Until recently, scientists did not have the technology nor the know-how to measure environmental levels of anticancer drugs and only a limited number of laboratories worldwide are analysing them in environmental and wastewater samples (Česen et al. 2015; Ferrando-Climent et al. 2014, 2013; Kosjek and Heath 2011; Kosjek et al. 2015, 2013; Llewellyn et al. 2011; Negreira et al. 2014a, 2013a, b; Parrella et al. 2014). One reason is their low environmental levels (≤ ng L−1), which require the very latest in modern analytical instrumentation, and possibly their toxicity makes laboratories reluctant to analyse these compounds since additional safety protocols and waste collection must be in place. Fortunately, studies are now investigating their presence in environmental and wastewater samples (Česen et al. 2015; Kosjek and Heath 2011; Kosjek et al. 2015, 2013; Negreira et al. 2014a, 2013a, b), and the risks they pose to humans and aquatic organisms have been recently addressed within the EU FP7 CytoThreat project (2014).

In the absence of certified reference materials, inter-laboratory comparisons are necessary to verify analytical results, if laboratories are to have confidence in their analytical abilities. A number of inter-laboratory studies addressing emerging contaminants in environmental samples have been carried out (Farré et al. 2008; Heath et al. 2010a, b; Hund et al. 2000; Jones et al. 1994; Van den Bossche et al. 2010; Vander Heyden and Smeyers-Verbeke 2007), of which only a few address veterinary drug residues (Vander Vander Heyden et al. 1999), nonsteroidal anti-inflammatory drugs and hormones (Farré et al. 2008; Heath et al. 2010a, b) and antibiotics (Dehouck et al. 2003; Van den Bossche et al. 2010). To our knowledge, none included cytostatic drugs. This study was set out to find those laboratories analysing cytostatic drug residues at trace levels in environmental and wastewater samples and to include them in the first inter-laboratory exercise on cytostatic drugs in water to facilitate and promote knowledge exchange between them, evaluate their performance in the analysis of these compounds when using their own in-house analytical methods, and elucidate potential bias and sources of error.

Experimental

Experimental design, sample collection and handling

An invitation to participate in the exercise was offered to those laboratories identified as having the necessary knowledge and instrumentation to determine anticancer residues in environmental and wastewater samples. Participating laboratories were from the following countries: Australia, Czech Republic, Germany, The Netherlands, Singapore, Slovenia, Spain and UK. Each participating laboratory was assigned its own inter-laboratory code (L1 to L9).

Four different samples were included in the exercise: a surface river water spiked with the analytes at a predefined concentration (A), a hospital wastewater (B), the same hospital wastewater spiked with the target compounds at a known concentration (C) and a spiked municipal WWTP effluent (D). Prior to the exercise, the river water and the WWTP effluent samples had been analysed in the laboratory and found not to contain tested drug residues. These samples were used in the study after spiking them with appropriate environmentally and wastewater relevant concentrations of the target analytes. Analysis of hospital wastewater revealed the presence of several cytostatic residues including CP, IF, 5-FU, GEM, ETO and MTX, but not all those included in this study (cis-Pt). Both samples as collected from the hospital and spiked with the target compounds were included in the trial.

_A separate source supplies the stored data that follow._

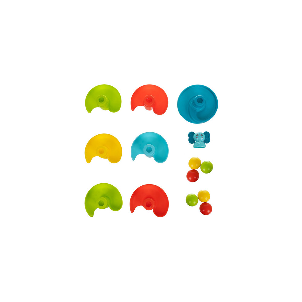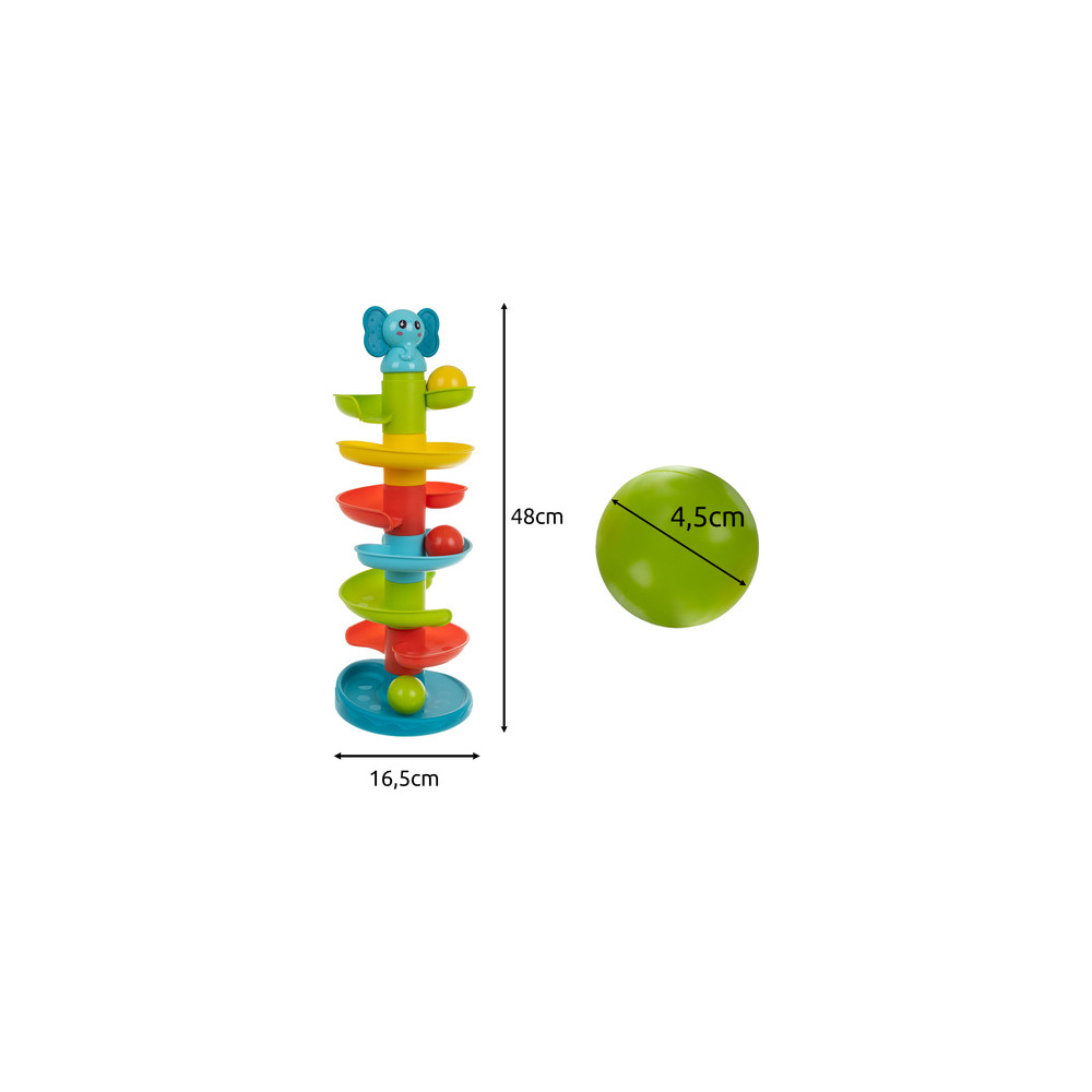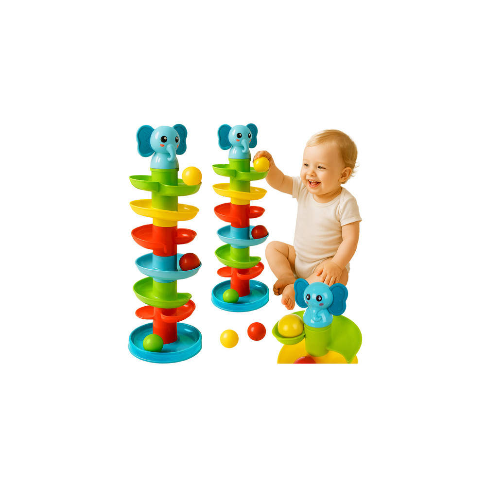 Dětská barevná kuličková dráha s motivem slona je interaktivní zábava pro nejmenší děti. Sledování barevných kuliček chrastících při kutálení se po spirálových drahách, přináší dítěti spoustu radosti. Dítě si procvičuje jemnou motoriku, koordinaci rukou a očí a logické myšlení tím, že skládá míčky na vrchol věže a sleduje jejich cestu dolů.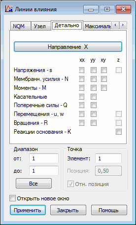 Опции, содержащиеся в показанном выше окне, позволяют пользователю указать те связанные с поверхностью величины (определенные для пластин или оболочек), для которых будут представлены линии влияния: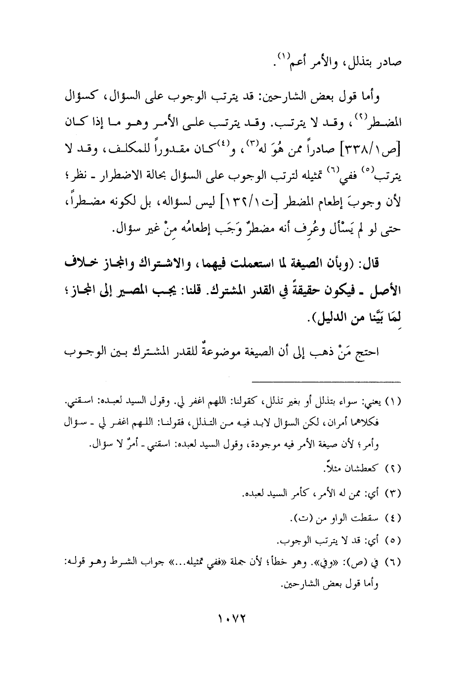 وأما قول بعض الشارحين: قد يترتب الوجوب على السؤال، كسؤال المضطر (¬٢)، وقد لا يترتب. وقد يترتب على الأمر وهو ما إذا كان صادرًا ممن هُوَ له (¬٣)، و (¬٤) كان مقدورًا للمكلف، وقد لا يترتب (¬٥) ففي (¬٦) تمثيله لترتب الوجوب على السؤال بحالة الاضطرار - نظر؛ لأن وجوبَ إطعام المضطر ليس لسؤاله، بل لكونه مضطرًا، حتى لو لم يَسْأل وعُرِف أنه مضطرٌ وَجَب إطعامُه مِنْ غير سؤال.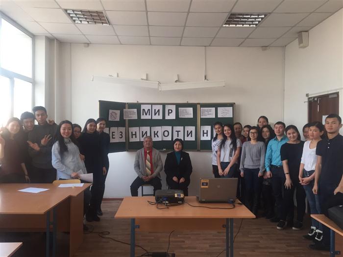Профессор кафедры ДУиТУ Жунусова Ж.Х. в рамках проекта «Культ здорового тела» со студентами механико-математического факультета группы ИС-14-04, ММ-14-2А,Б проводила открытый круглый стол «Не прокури свое здоровье»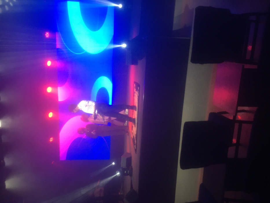 An indoor stage event is captured in Jos, Nigeria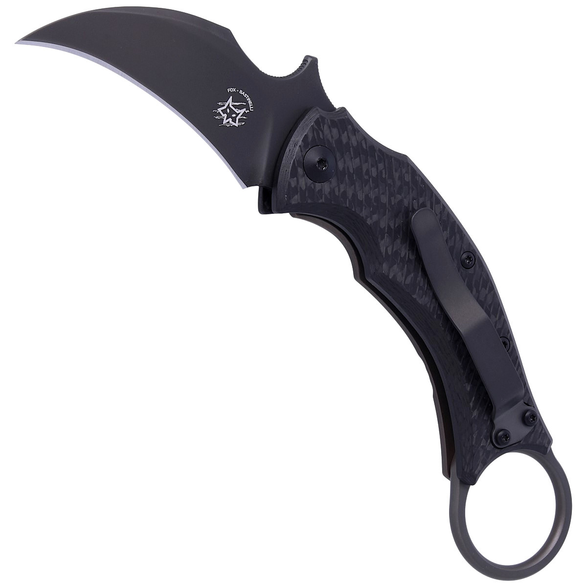 - Black Bird by Bastinelli Carbon Fiber / Bronze Ti, Black Elmax, karambit włoskiej firmy FOX. Ostrze Hawkbill z powłoką PVD, klips Tip-Up, system szybkiego otwarcia klingi oparty o zmodyfikowany hak Emerson. Projekt Bastinelli, amerykańskiego knifemaker'a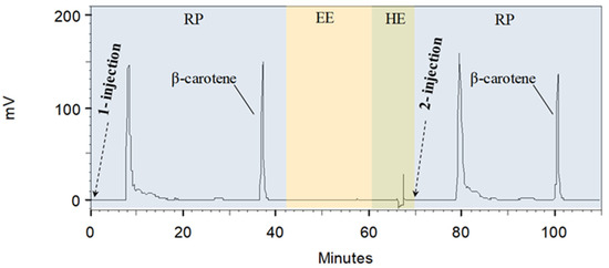 Using the previously optimized conditions, a sequential two-cycle HPCCC protocol was successfully applied for the isolation of β-carotene from Dunaliella sp. biomass extract (Figure 3). In each cycle, 800 mg of algal extract was introduced, processing a total of 1.6 g over two runs. The complete HPCCC procedure lasted a total of 137.5 min. This duration encompassed 13.5 min for initially filling the first column with the upper phase at a flow rate of 10 mL/min, followed by a 10 min equilibration step in which the lower phase was introduced at 10 mL/min to establish liquid phase balance within the column. The remaining 114 min was dedicated to conducting two consecutive separation cycles. Each of the two HPCCC cycles consisted of three phases: (1) the separation of β-carotene using reverse-phase elution with the lower phase pumped at 10 mL/min for 42 min; (2) the extrusion of the stationary phase by switching to upper phase flow for 20 min; and (3) the achievement of the hydrodynamic equilibrium of two immiscible liquid phases inside the column for another 10 min. The overall chromatographic profile of the entire process is presented in Figure 3. It is relevant to note that for future scale-up into production, the duration of the steps could likely be optimized in further studies and, thus, reduced. Throughout the two-cycle process, 1.375 L of solvents were consumed, yielding 225.4 mg of β-carotene at a purity of 97%. Given that the β-carotene concentration in the dried Dunaliella sp. extract was measured at 14.396 mg per 100 mg extract, the recovery efficiency of the developed HPCCC method reached 98%. Figure 4a displays the HPLC-DAD chromatogram of the Dunaliella sp. biomass extract, while Figure 4b presents the chromatogram of the corresponding isolated fraction. The comparison highlights the effectiveness of the HPCCC technique in achieving the selective separation of β-carotene.

All three matrix samples (the surface water, the WWTP effluent and the hospital effluent) were collected by grab sampling and are actually interrelated since the surface water sample was collected from one of the largest rivers in Slovenia approximately 100 m downstream from the WWTP effluent outflow, and the WWTP receives the effluent wastewater from the hospital. All samples were collected in clean polyethylene containers and transferred on ice immediately to the laboratory, where they were filtered (0.5-μm glass fibre filters) and homogenised.

All the samples, with the exception of sample B, were spiked (Table 1) with the target compounds: cyclophosphamide (CP), ifosfamide (IF), 5-fluorouracil (5-FU), gemcitabine (GEM), etoposide (ETO), methotrexate (MTX) and cisplatinum (Cis-Pt) at environmental and wastewater levels (Kosjek and Heath 2011).

Table 1 Spiked matrices and concentrations

Samples were stored in polyethylene containers at −80 °C. Frozen samples (0.8 L) were shipped on dry ice to each of the participating laboratories. On receipt, the time of arrival and sample condition were recorded. Each laboratory was also asked to process their samples, i.e. filtration and extraction, within 1 week. Finally, the participating laboratories were asked to perform at least two independent analyses per sample. The stability of the compounds CP, IF, 5-FU, GEM, ETO and MTX in HPLC water and in wastewater samples had been studied previously and found to be acceptable under the inter-laboratory study conditions (Ferrando-Climent et al. 2013; Negreira et al. 2014b).

Chemicals

The target compounds CP (CAS 50-18-0), IF (CAS 3778-73-2), 5-FU (CAS 51-21-8) and GEM (CAS 95058-81-4) were obtained from Sigma-Aldrich (Steinhem, Germany), MTX (CAS 59-05-2) was obtained from TOCRIS Biosciences (Ellisville, USA) and ETO (CAS 33419-42-0) was obtained from Santa Cruz Biotechnology (Heidelberg, Germany). Dimethylsulfoxide (DMSO) was obtained from Sigma-Aldrich (St. Luis, USA). Fresh standard solutions of a mixture of the cytostatic compounds were prepared on a weight basis in DMSO.

Analytical methods

Chemical analysis was performed using previously developed analytical methods based on either liquid or gas chromatography (LC or GC) coupled to mass (MS) and most frequently tandem mass (MS/MS) spectrometry (Table 2) (Česen et al. 2015; Ferrando-Climent et al. 2013; Kosjek et al. 2013; Llewellyn et al. 2011; Negreira et al. 2013a, b, 2014b; Odraska et al. 2013; Yin et al. 2010). All analytical methods, with the exception of that based on ICP-MS for Pt determination, included a solid phase extraction (SPE) step, performed either on-line or off-line for sample preconcentration. Internal standards (IS) were used for quantification (Table 2). Laboratory 9, which analysed samples by GC-MS and GC-MS/MS, also included a derivatization step, using trifluoroacetic acid to derivatise CP and IF and N-(tert-butyldimethylsilyl)-N-methyltrifluoroacetamide (MTBSTFA) to derivatise 5-FU.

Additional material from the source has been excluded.